**What you need to do:** Whenever a line in this data holds the word "Figure", report that line in full.

Data supplied Start Marker

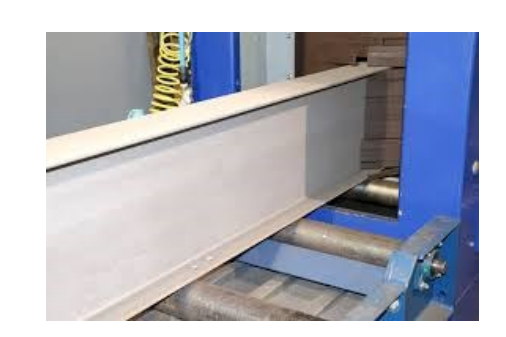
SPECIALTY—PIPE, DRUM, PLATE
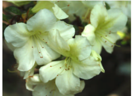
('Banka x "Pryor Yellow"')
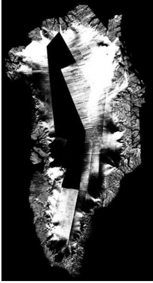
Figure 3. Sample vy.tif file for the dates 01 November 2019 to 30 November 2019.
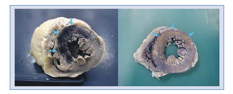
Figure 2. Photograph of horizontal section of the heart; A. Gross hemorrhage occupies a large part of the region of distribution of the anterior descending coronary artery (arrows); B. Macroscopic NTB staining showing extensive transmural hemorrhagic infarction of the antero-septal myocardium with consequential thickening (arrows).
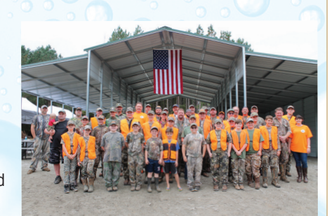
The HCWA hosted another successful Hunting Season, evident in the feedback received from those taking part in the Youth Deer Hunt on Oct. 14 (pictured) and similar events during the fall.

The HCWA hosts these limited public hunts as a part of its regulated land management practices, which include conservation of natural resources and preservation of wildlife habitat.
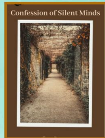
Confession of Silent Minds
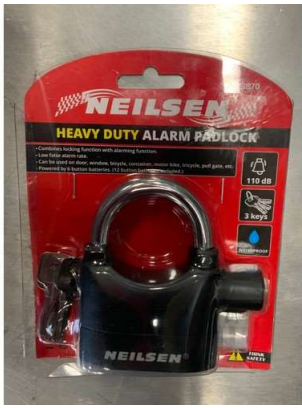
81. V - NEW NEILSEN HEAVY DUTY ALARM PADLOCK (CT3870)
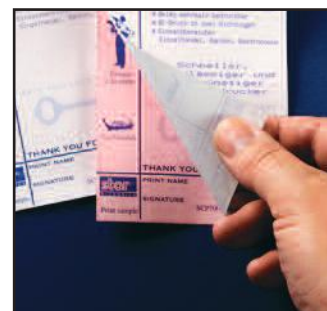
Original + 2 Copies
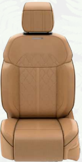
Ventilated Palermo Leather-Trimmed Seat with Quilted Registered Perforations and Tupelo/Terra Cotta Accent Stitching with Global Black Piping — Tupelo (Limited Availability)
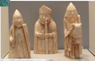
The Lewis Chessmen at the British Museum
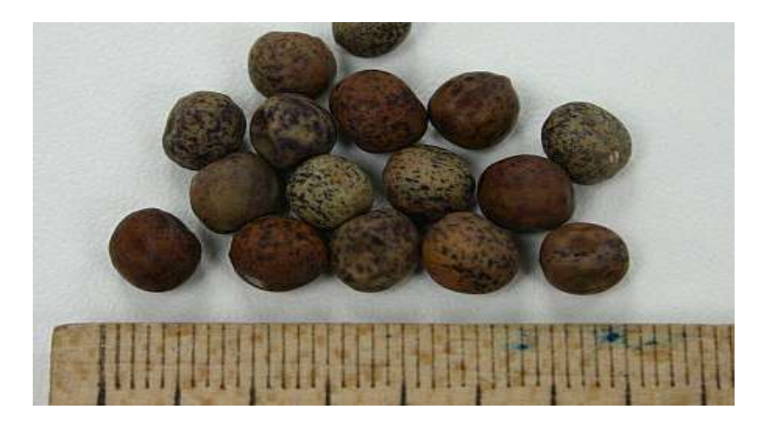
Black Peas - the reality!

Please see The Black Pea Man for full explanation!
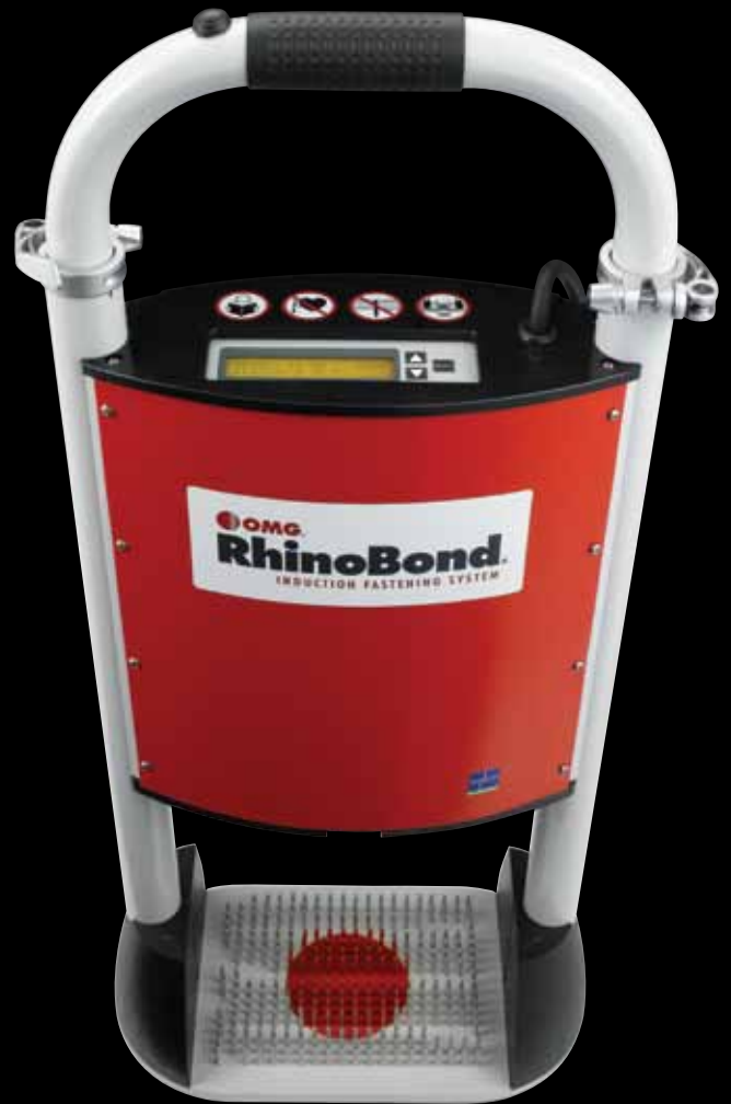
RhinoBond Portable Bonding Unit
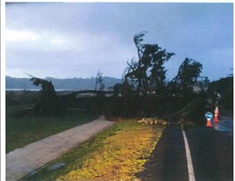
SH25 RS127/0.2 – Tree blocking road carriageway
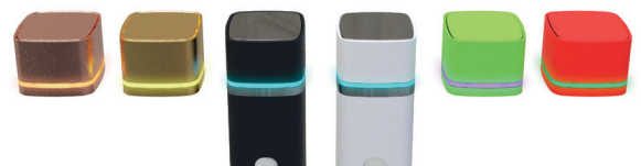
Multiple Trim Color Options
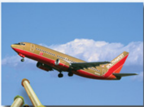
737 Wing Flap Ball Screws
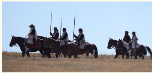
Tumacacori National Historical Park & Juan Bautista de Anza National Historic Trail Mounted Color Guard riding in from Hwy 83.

Data supplied End Marker

**Task answer:**
Figure 3. Sample vy.tif file for the dates 01 November 2019 to 30 November 2019.
Figure 2. Photograph of horizontal section of the heart; A. Gross hemorrhage occupies a large part of the region of distribution of the anterior descending coronary artery (arrows); B. Macroscopic NTB staining showing extensive transmural hemorrhagic infarction of the antero-septal myocardium with consequential thickening (arrows).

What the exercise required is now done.